Thursday, November 13, 2008

Fish n’ Chips Meets Dinuguan at Puto

By Anna Urquiola-Green
INQUIRER.net and PROUDLY FILIPINA.com

WHEN I was invited to write an article about a Filipina’s life in the United Kingdom, I jumped at the opportunity. Mainly because I want to share the experiences I had in this country and quite a lot of these were eye-openers for me.

Moving here three years ago, I learned to adapt quickly especially with the climate. My family and I spent the previous 10 years in the Middle East and from a place where there is only one season — summer, and here in England when they have 4 seasons, it is a total shock to the system. After all, out here one can sometimes experience 4 seasons in one day! I did enjoy shopping for clothes and acquiring a few pairs of boots and not realising that after winter, you have to store the bulky clothes you’ve collected which has taken space in the closet. This is one of the few instances a Filipino’s inborn talent of maximizing the space of a cardboard box when sending pasalubong (presents) back home to the Philippines comes in handy.

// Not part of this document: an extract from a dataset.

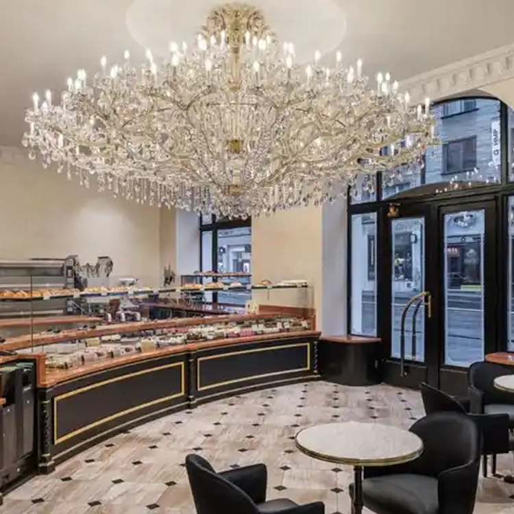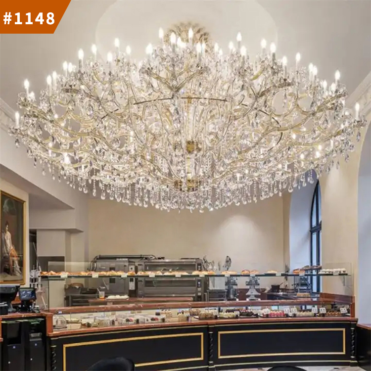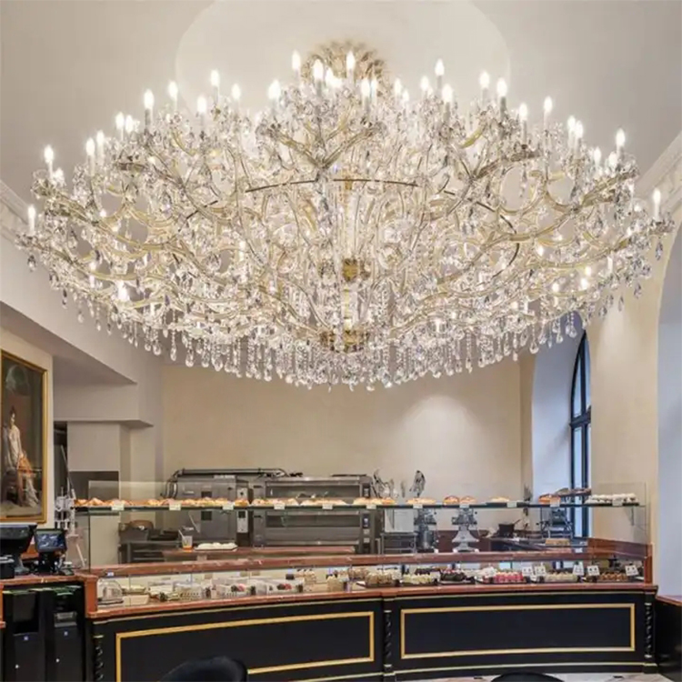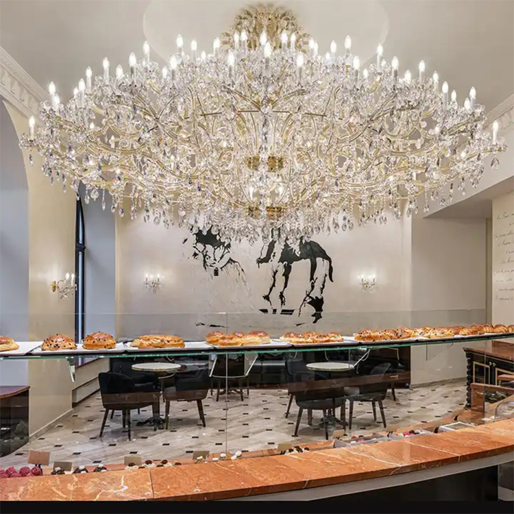luxury hotel lobby stairwell high ceiling crystal pendant lighting chandelier

Although we Filipinos have English as a second language in the Philippines, here in the UK, I have realized that I still have a lot to learn too, not with the accent but the ordinary words we know. When somebody offers you a fag, it doesn’t mean they’re fixing you up on a same sex blind date, it is an offer for a cigarette! I must have heard this line before I just can’t remember where but it does show that a single word can mean two different things and could land you in hot water.

There are no eggplants in England, they have aubergines. And no, it’s not a color, that’s what they call it here. When someone says chips, it’s not the chips you see at the casinos or the chips we eat as merienda/snack. Chips means French fries and crisps are chips i.e. potato chips or in England they call it potato crisps, are you confused yet?

Shop means the place where you go and buy things and store is a verb. For example, you store your shoes in the box. It’s no wonder that most Filipino nurses when they come to work here have to relearn English. After all, if his/her patient complains of a hammering headache, she might write down in the patient’s medical records that a hammer is responsible for the patient’s migraine! These are a few of the many English words one has to reprogram inside a Pinoy’s brain when coming to England. And most important too is the way you spell the words as you who’s reading this article might have noticed already.

What’s the food on my table? As a Filipina married to a British, I have incorporated Filipino foods in our menu but with a British twist. Such as when cooking nilaga or pochero, I don’t include saba (cooking banana) as my family considers it strange to include a fruit in cooking stew or in a casserole dish. I would substitute instead potatoes and/or cabbages instead of other ingredients that my family would find acceptable. Bagoong or shrimp paste (which one can buy in Chinese speciality shops) I have learned to forego in this household as the smell might offend my husband’s sensitive nose and the neighbors too!

Most important of all is when hosting parties. Filipino culture back in the Philippines dictates that when one hosts a party it’s always best to prepare more food than necessary as the host loses face if one runs out of food, Here in England, when you host a party, the number one rule is to never run out of drinks. It doesn’t matter if your guests starve a little as long as you keep the drinks flowing. After all, when your guests are inebriated, they would not probably remember that you didn’t serve enough food for the party!

Living here in the UK has made me appreciate more the life I had back in the Philippines. Doing household chores in this country makes me think of the household helpers we sometimes take for granted back home. When painting the interior of our house, I look back and wish I could beam up, as in Star Trek, that handyman we regularly hired to paint our bedrooms. But living here in England made me also become more self- sufficient and assertive. After all, that’s what life is about no matter where you live. To quote my favorite saying: If life deals you lemons, make lemonade, if tomatoes, make Bloody Marys. And that’s how I live my life here, some days are lemons, some days are tomatoes.

(About the author: Anna Green our ka-pinay correspondent from UK, is married to a british national and currently working part time in a primary school, with one child. They lived for a decade in the middle east till they finally decided to move to Chelmsford, England permanently).